I think there are some other libraries that are challenging it now (fewer dependencies or something?) but clap sets the standard to beat.
Go programs compile to native executables, they're still rather slow to start, especially if you just want to do --help
Well that's confused me. I write a lot of scripts in BASH specifically to make it easy to move them to different architectures etc. and not require a custom runtime. Interpreted scripts also have the advantage that they're human readable/editable.
Isn’t writing code and using zod the same thing? The difference being who wrote the code.
Of course, you hope zod is robust, tested, supported, extensible, and has docs so you can understand how to express your domain in terms it can help you with. And you hope you don’t have to spend too much time migrating as zod’s api changes.
Whether you do that with Zod or manually or whatever isn't important, the important thing is having a preprocessing step that transforms the data and doesn't just validate it.
Right - and one thing that keeps coming up for me is that, if you want to maintain complex invariants, it's quite natural to express them in terms of the domain object itself (or maybe, ugh, a DTO with the same fields), rather than in terms of input constraints.
For instance if validating parameter values requires multiple trips to a DB or other external system, weaving the calls in the logic can spare duplicating these round trips. Light "surface" validation can still be applied, but that's not what we're talking about here I think.
Even better, that conversion from interface type to internal type should ideally happen at one explicit point in the program - a function call which rejects all invalid inputs and returns a type that enforces the invariants we're interested in. That way, we gave a clean boundary point between the outside world and the inside one.
This isn't a performance issue at all, it's closer to the "imperative shell, functional core" ideas about structuring your application and data.
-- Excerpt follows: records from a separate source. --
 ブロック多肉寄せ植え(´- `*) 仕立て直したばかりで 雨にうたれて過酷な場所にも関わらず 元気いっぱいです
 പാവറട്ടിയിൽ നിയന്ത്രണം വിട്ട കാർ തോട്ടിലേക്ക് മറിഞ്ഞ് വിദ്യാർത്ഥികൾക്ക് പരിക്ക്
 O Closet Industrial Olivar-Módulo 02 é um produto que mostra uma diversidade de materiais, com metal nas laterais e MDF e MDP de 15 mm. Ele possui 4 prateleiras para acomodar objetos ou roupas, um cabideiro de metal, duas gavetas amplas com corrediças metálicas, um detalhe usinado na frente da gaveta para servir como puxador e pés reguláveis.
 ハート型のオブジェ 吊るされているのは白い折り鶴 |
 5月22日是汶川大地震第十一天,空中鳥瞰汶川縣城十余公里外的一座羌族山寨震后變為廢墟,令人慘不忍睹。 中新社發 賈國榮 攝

Sure, but probably at the cost of leaving everything in a horribly inconsistent state when you error out partway through. Which is almost always not worth it.
That said, I fully agree with the article content itself. It basically just boils down to:
When you create a program, eventually you'll need to process & check whether input data is valid or not. In C-like language, you have 2 options
or "Parse, don't validate" is just trying to say don't do `void validate(struct Data d)` (procedure with `void`), but do `ValidatedData validate(struct Data d)` (function returning `ValidatedData`) instead.It doesn't mean you need to explicitly create or name everything as a "parser". It also doesn't mean "don't validate" either; in `ValidatedData validate(struct Data d)` you'll eventually have "validation" logic similar to the procedure `void` counterpart.
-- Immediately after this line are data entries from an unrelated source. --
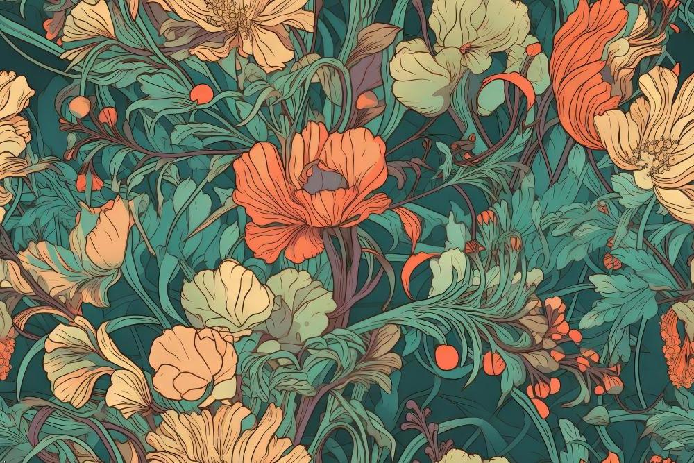 Art Nouveau Mural Wallpaper | Coral and Green Floral Pattern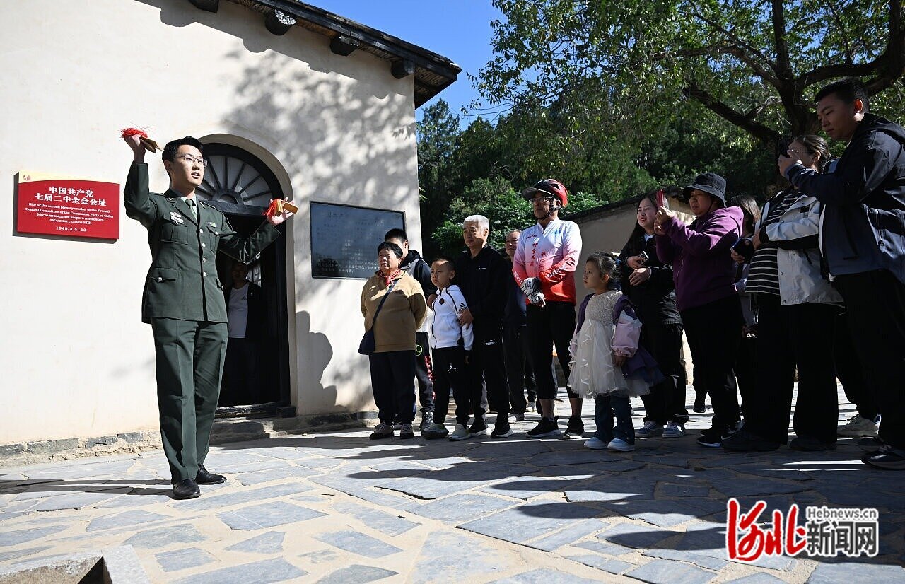 10月1日,西柏坡纪念馆讲解员范浩天(左一)在党的七届二中全会会址前为游客表演快板。河北日报记者 史晟全摄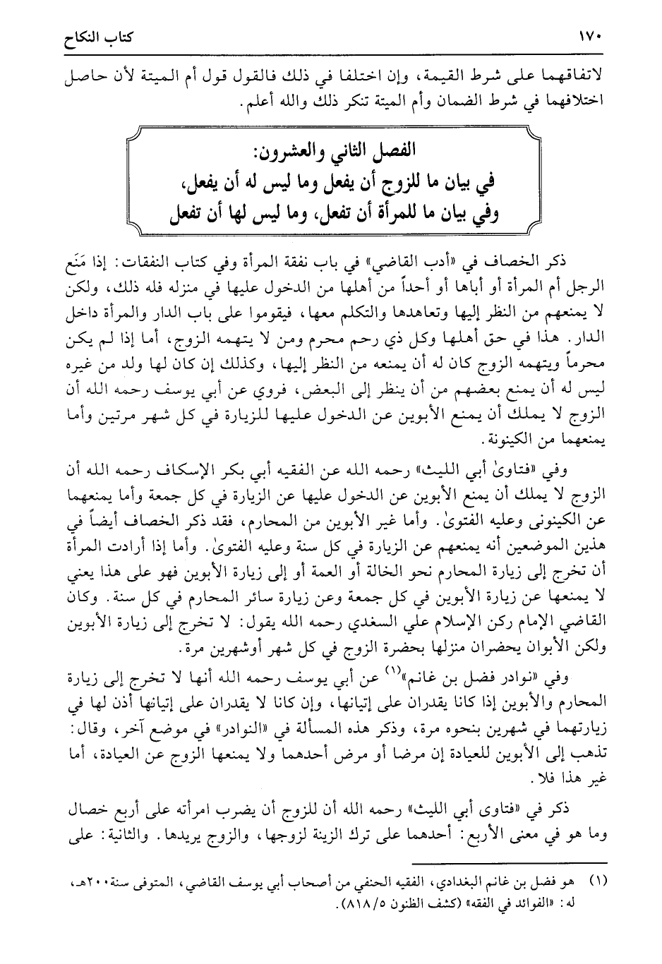 الفصل الثاني والعشرون: في بيان ما للزوج أن يفعل: وما ليس له أن يفعل، وفي بيان ما للمرأة أن تفعل، وما ليس لها أن تفعل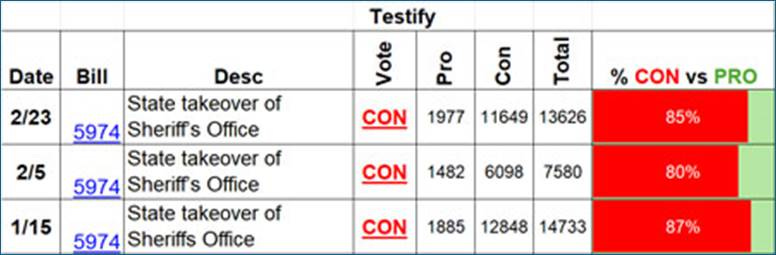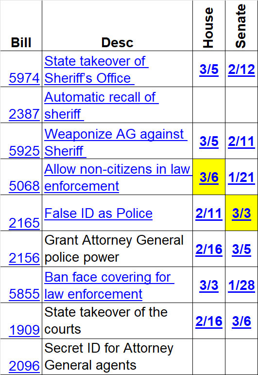 In addition to SB 5974 there have been numerous other bills filed to invade and take over our sheriff’s office. These are some examples. Yellow means Republicans voted for it.

Specifically, the article tries to teach folks to utilize the type system to their advantage. Rather than praying to never forget invoking `validate(d)` on every single call site, make the type signature only accept `ValidatedData` type so the compiler will complain loudly if future maintainers try to shove `Data` type to it. This strategy offloads the mental burden of remembering things from the dev to the compiler.
I'm not exactly sure why the "Parse, don't validate" catchphrase keeps getting reused in other language communities. It's not clear to non-FP community what the distinction between "parser" and "validate", let alone "parser combinator". Yet somehow other articles keep reusing this same catchphrase.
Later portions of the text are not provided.